Work item =>
Retype, exactly and with both ends included, the lines below from the one containing "12 kwietnia dzieci" through the end; omit the pictures.
START Data segment
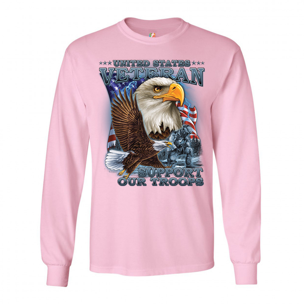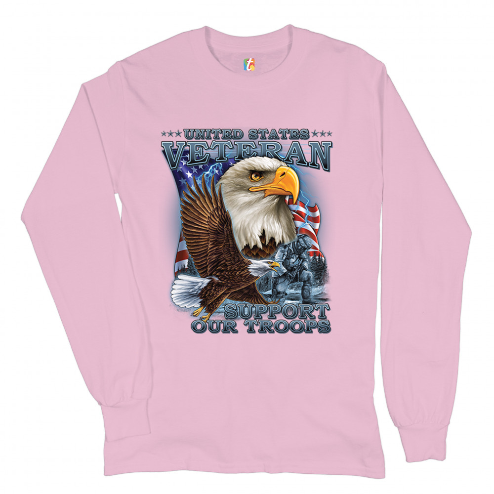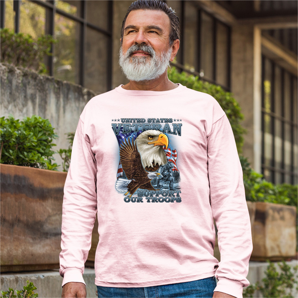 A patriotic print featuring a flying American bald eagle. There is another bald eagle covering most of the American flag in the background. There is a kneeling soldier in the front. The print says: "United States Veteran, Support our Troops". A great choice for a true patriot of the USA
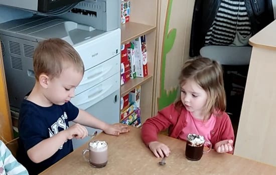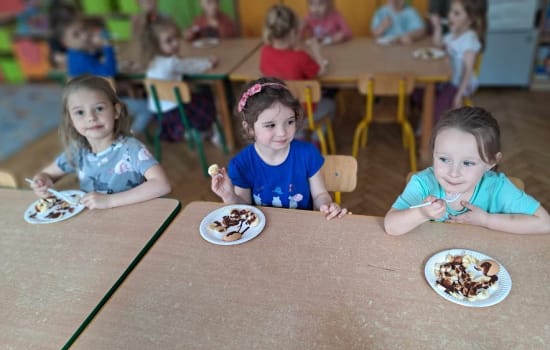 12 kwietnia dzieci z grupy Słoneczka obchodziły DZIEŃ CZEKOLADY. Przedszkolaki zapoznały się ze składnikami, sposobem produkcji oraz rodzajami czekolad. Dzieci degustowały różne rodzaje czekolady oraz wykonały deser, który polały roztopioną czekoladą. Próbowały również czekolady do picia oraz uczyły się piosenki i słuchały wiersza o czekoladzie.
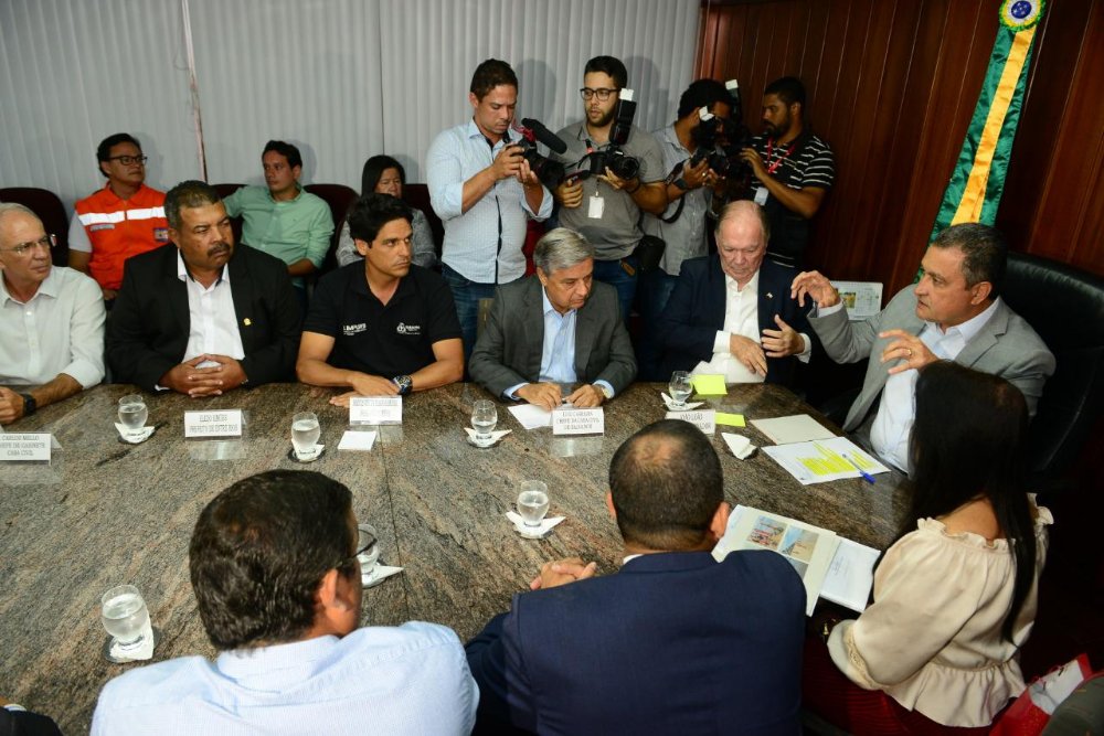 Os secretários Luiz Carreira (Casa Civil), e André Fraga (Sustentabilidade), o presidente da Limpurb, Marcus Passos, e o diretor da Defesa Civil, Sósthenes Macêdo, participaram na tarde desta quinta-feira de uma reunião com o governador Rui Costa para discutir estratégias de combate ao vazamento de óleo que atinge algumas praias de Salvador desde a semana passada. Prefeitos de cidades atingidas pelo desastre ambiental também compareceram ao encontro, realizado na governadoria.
END Data segment
Output for this exercise =>
 12 kwietnia dzieci z grupy Słoneczka obchodziły DZIEŃ CZEKOLADY. Przedszkolaki zapoznały się ze składnikami, sposobem produkcji oraz rodzajami czekolad. Dzieci degustowały różne rodzaje czekolady oraz wykonały deser, który polały roztopioną czekoladą. Próbowały również czekolady do picia oraz uczyły się piosenki i słuchały wiersza o czekoladzie.
 Os secretários Luiz Carreira (Casa Civil), e André Fraga (Sustentabilidade), o presidente da Limpurb, Marcus Passos, e o diretor da Defesa Civil, Sósthenes Macêdo, participaram na tarde desta quinta-feira de uma reunião com o governador Rui Costa para discutir estratégias de combate ao vazamento de óleo que atinge algumas praias de Salvador desde a semana passada. Prefeitos de cidades atingidas pelo desastre ambiental também compareceram ao encontro, realizado na governadoria.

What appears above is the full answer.